Another misconception repeated today—I was bold enough to intervene when the noble Lord, Lord Richard, was speaking about it—is that the Bill will not apply until the next Parliament. I do not understand how that idea has crept into the debate and gets repeated and repeated, because it is simply not the case. Within three months of the Bill coming into force, as I hope it will, we will use its provisions to make a statement on whether the recent European Union treaty change to Article 136 constitutes a transfer or power competence. As we think that it does not, we will then introduce a Bill to ratify that change. Without the EU Bill, none of that would happen.

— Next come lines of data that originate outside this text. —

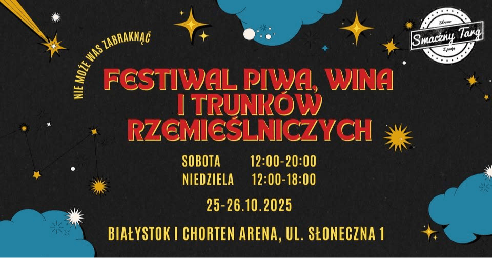 26.10.2025 17:00Na Stadionie Miejskim w Białymstoku miłośnicy napojów kraftowych będą mieli okazję oddać się przyjemności jaką jest próbowanie wyrobów najlepszych piwowarów, winiarzy i cydrowników z naszego kraju, a wszystko to w towarzystwie doskonałych potraw i ludzi zainteresowanych sztuką warzenia.
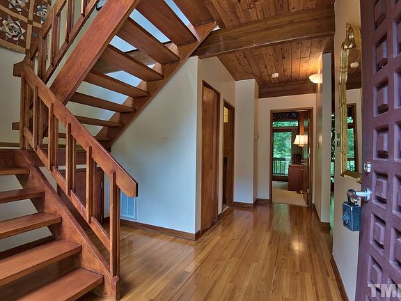 Sophisticated Treehouse style townhome overlooking acres of green space and creek. So private that 109 Arbutus just might be Chapel Hill's Best Kept Secret!! Stunning custom craftsmanship with updated kitchen and baths. Incredible windows and 2-STY Conservatory living area. Vaulted ceilings in LR. MBR has pastoral views and private deck in the woods. Two additional decks off of Living Rm &Dining Rm . Immaculate condition. Walk to Merritt's Pasture and mins to DT. One car garage, delightful garden space.
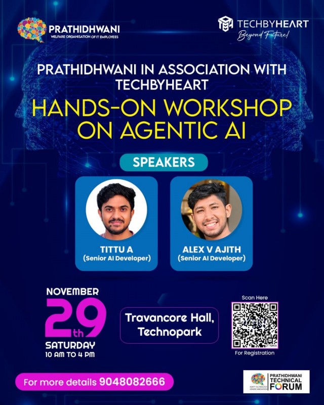 തിരുവനന്തപുരം: സംസ്ഥാനത്തെ ഐടി പാര്ക്കുകളിലെ ജീവനക്കാരുടെ ക്ഷേമ-സാംസ്കാരിക സംഘടനയായ പ്രതിധ്വനിയും കരിയര് അധിഷ്ഠിത പരിശീലന സ്ഥാപനമായ ടെക്ബൈഹാര്ട്ടും സംയുക്തമായി ഏജന്റിക് എഐ' വിഷയത്തില് ഏകദിന ശില്പശാല സംഘടിപ്പിക്കുന്നു. നവംബര് 29 ന് (ശനി) രാവിലെ 10 മുതല് വൈകുന്നേരം 4 വരെ ടെക്നോപാര്ക്കിലെ ട്രാവന്കൂര് ഹാളില് നടക്കുന്ന സൗജന്യ ശില്പശാലയില് ടെക്നോപാര്ക്കിലെ പ്രൊഫഷണലുകള്ക്ക് പങ്കെടുക്കാം.
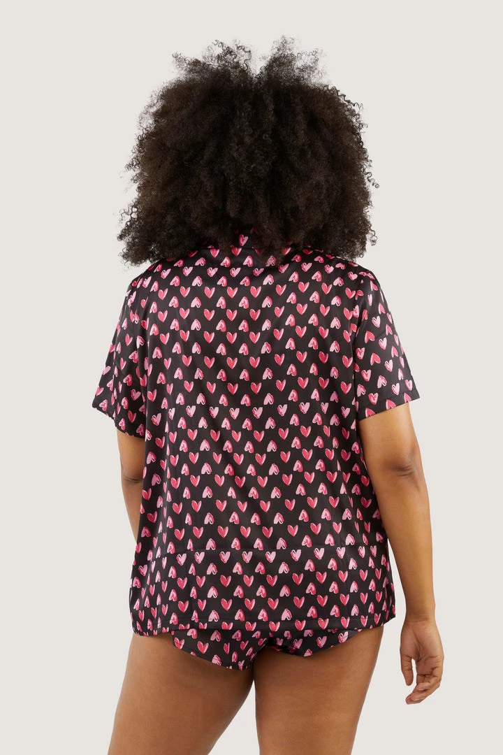 Get cozy in our Heart Print Satin Pyjama Set. Totally dreamy, our short and shirt set is designed in super soft heart print satin. This is the perfect set to end your night.
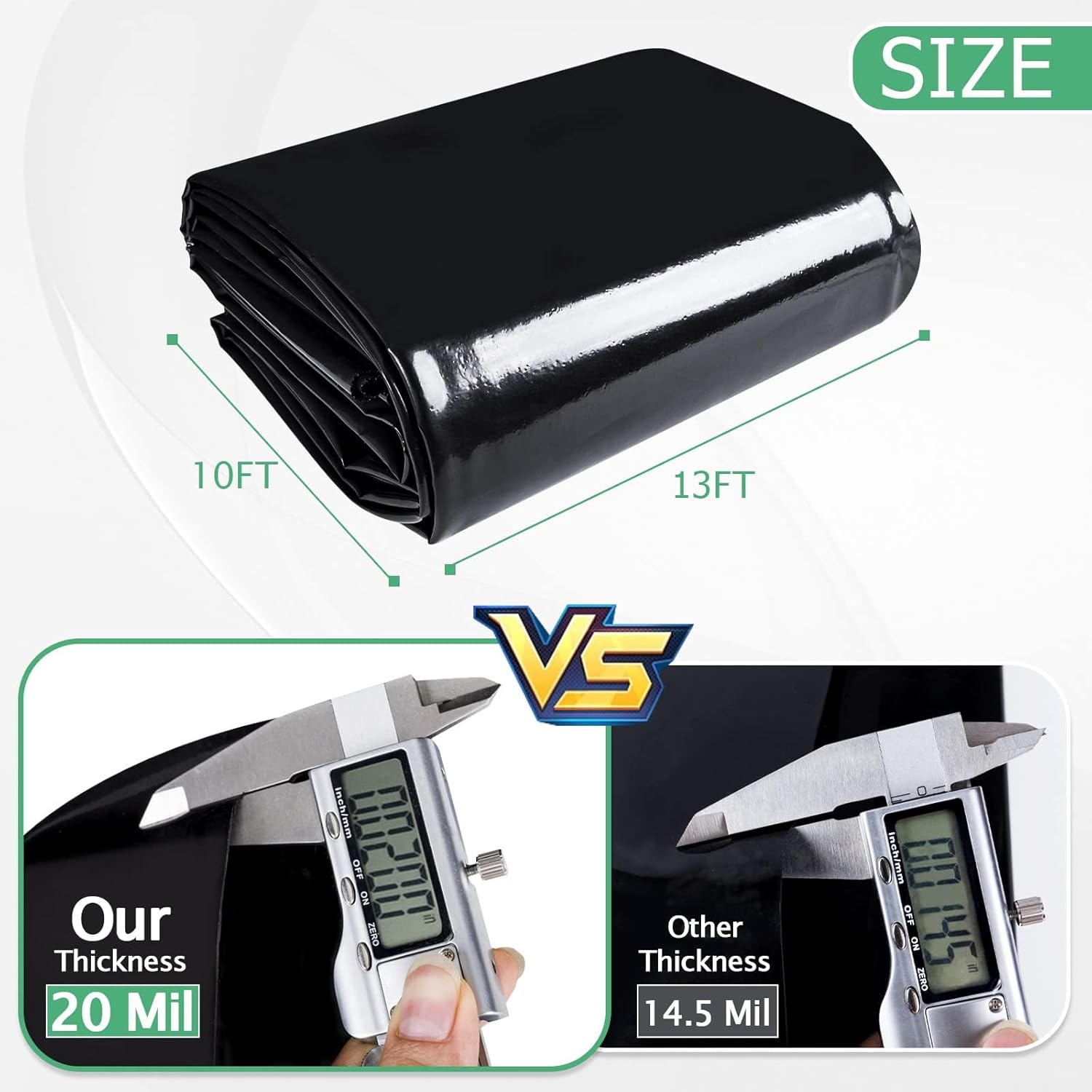 • 【Super Thickness】The thickness of Pond liner is 20 Mil with super preventing leakage. Compared with other 14.5 Mil and 4.5 Mil, our thickness is stronger and more durable. The material is soft and adaptable to ponds of various angles and shapes.
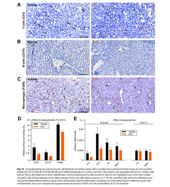 CA抑制劑乙酰唑胺(ATZ) 加劇腫瘤酸化(pH降至6.8),減少免疫細胞浸潤(CD3?T細胞、CD19?B細胞、F4/80?巨噬細胞降低50%),抑制炎癥因子(IL1a/IL1b/IL6、NFκB1),并加速ErbB2誘導的小鼠乳腺癌生長(體積增長20倍 vs 對照10倍)。
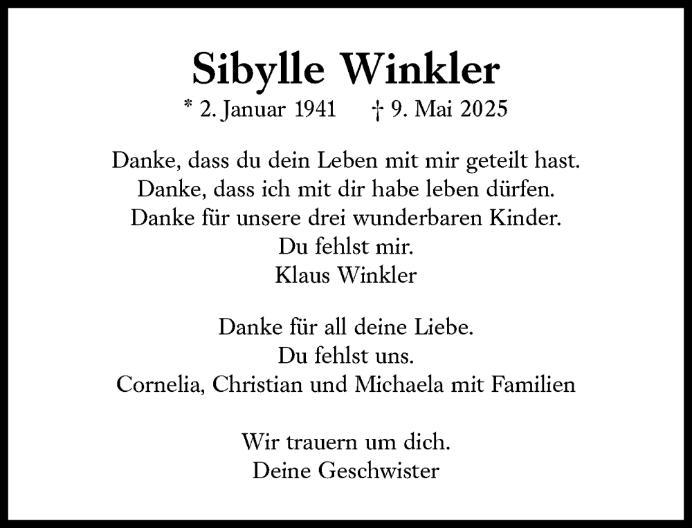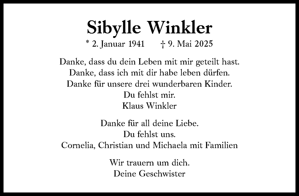 Hier finden Sie alle Traueranzeigen aus der Zeitung, die bisher für Sibylle Winkler erschienen sind. Weitere Traueranzeigen, die in der Zeitung erscheinen, werden hier ebenfalls aufgelistet
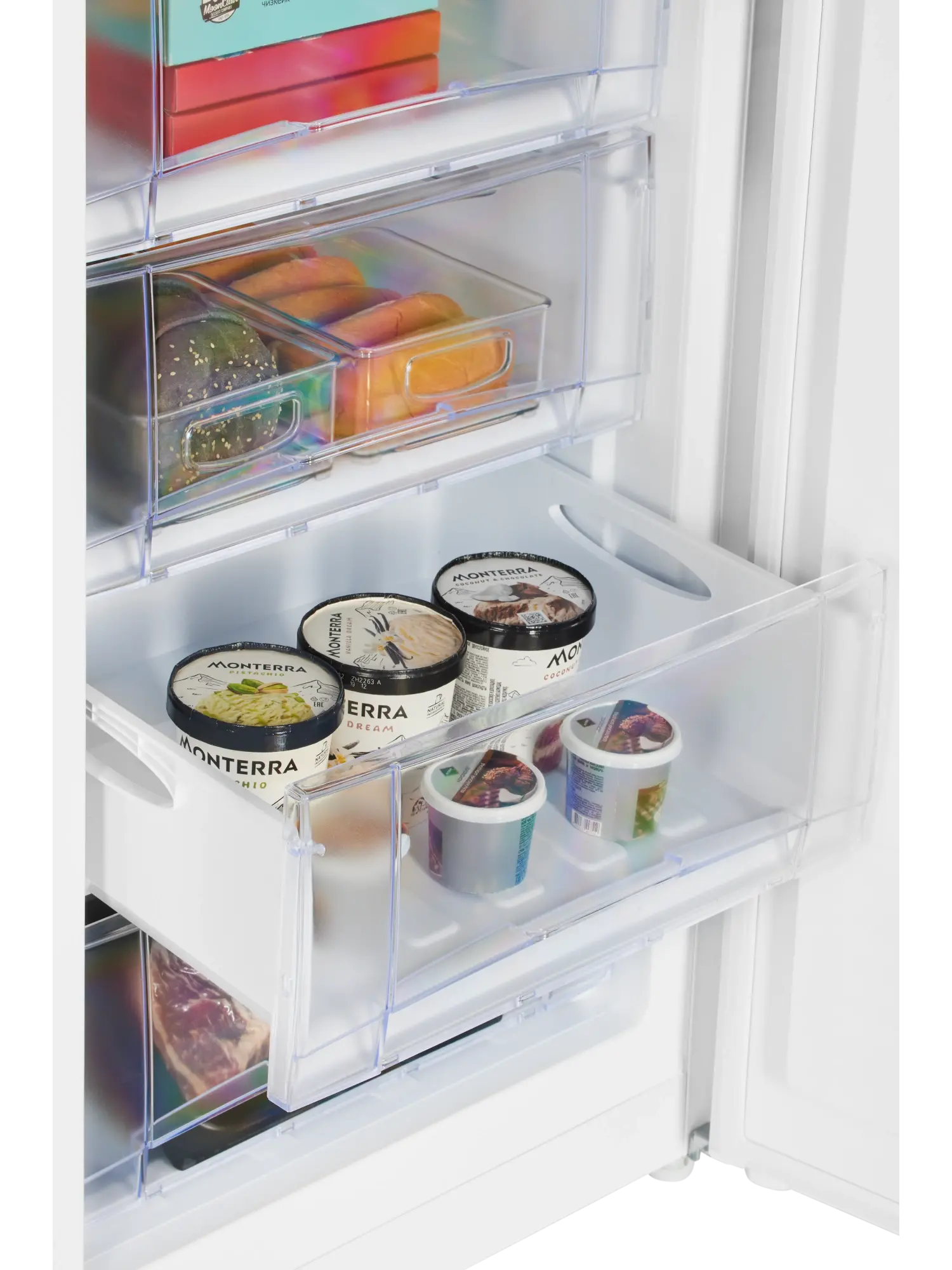Морозильник имеет 3 выдвижных прозрачных ящика для размещения продуктов, а также форму для льда. Внутренняя поверхность модели имеет антибактериальное покрытие, которое предотвращает появление неприятных запахов и образование бактерий.
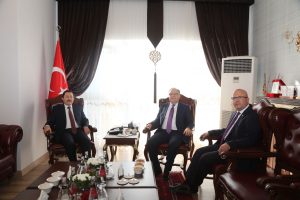 Vali Tutulmaz ve Belediye Başkanı Çoban’ı makamında ağırlayan Vali Balkanlıoğlu, misafirlerine ilimiz hakkında bilgiler verirken, gündeme dair de görüş alışverişinde bulundu.
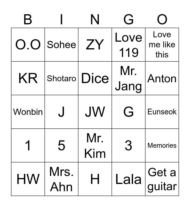 This bingo card has a free space and 24 words: 5, Mrs. Ahn, Dice, HW, Love me like this, O.O, KR, Sohee, G, Mr. Kim, Mr. Jang, Wonbin, 3, Memories, Shotaro, Lala, Eunseok, ZY, Anton, J, Get a guitar, 1, Love 119 and H.

The noble Lord, Lord Triesman, is right: that will not trigger a referendum because of the items under Clause 4(4). However, the Bill will certainly operate and apply in this Parliament to a treaty change that goes through the necessary procedures in this Parliament. It is true that we do not expect to hold a referendum under the Bill during this Parliament, because the coalition Government have said that that they will not agree to any treaty or passerelle that could transfer competence or power from the UK to the EU in this Parliament. However, the existence of the Bill is still a binding force. It is binding on this Government and their actions and views. What I have stated is a political view and an intention of the coalition. It is not the will of Parliament or some entrenched and deep unavoidable force. It is the will of the Government. As we know—perhaps I should not add this point—it is possible for the will of the most determined Government suddenly to go into little U-turns and reverses from time to time. It has happened to us all.